Griffin tried again. “If there’s anything I can do―”

“There’s not.”

She heard him groan. “Nessa, we need to move past this―”

“Don’t tell me how to feel, Griffin.”

“I’m sorry we argued.”

She turned to face him. He looked so darkly handsome. So vulnerable and human.

She’d fallen for that one before.

“What are you still doing here?”

A muscle in his jaw flexed. “Ronan and I have a collaborative deal to close.”

“On a Sunday?”

So typical of her dad. Sure, she’d been on the clock today too, but she was also forty years younger, and minus a heart condition.

The second her father’s office door opened, Vanessa shot forward.

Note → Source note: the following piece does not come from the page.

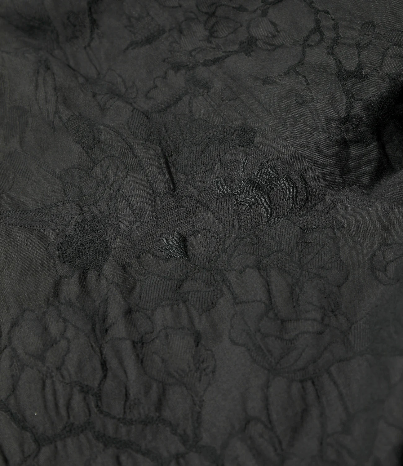 A shirt jacket with a simple design featuring a stand-up collar. Made of jacquard material with an original papillon (butterfly) embroidery. it has a unique finish.

Tremont spoke to Griffin. “Mr. Hayes, Ronan wants to see you.” Vanessa started for the door too, but Tremont held up a hand. “Ronan asked to see Mr. Hayes alone.”

Vanessa watched, speechless, as Griffin strode back into the room. As the door closed again, she crossed her arms, shook her head.

Unbelievable. In the wake of a heart attack, and all Ronan could think about was closing some deal. It was different when she was little, when her mom was alive. Her dad had still worked hard, but he was always home for dinner. Always had time to listen to her stories. On weekends, she’d help him assemble his model boats, handing bits over as he asked. If ever she wanted his opinion on a doll dress design that she’d drawn, he had always offered a thoughtful response.

Then there were those summers spent in a quiet seaside town north of here.

Griffin’s hometown. 

Vanessa was ready to rap on that door―the waiting was driving her insane―when the sound of an ambulance siren echoed up from the driveway. A moment later, Wendy brought the team through at the same time Tremont threw open that office door.

As she edged forward, Vanessa’s head began to prickle. The tips of her fingers went numb. The doctor had wanted calm. But suddenly now everything was rushed and noisy and turned upside down. People calling instructions. Wendy gasping then breaking down. And Griffin was there in her face, telling her everything would be all right. Ronan would be fine.

But her father was splayed out on the floor, shirt torn open. When resuscitation paddles were placed on his bare chest―skin that looked so pale―Ronan’s body convulsed. Then the paddles were applied a second and a third time, and all sound faded away, except for a distant, muffled thumping.

Vanessa’s own heartbeat pounding in her ears.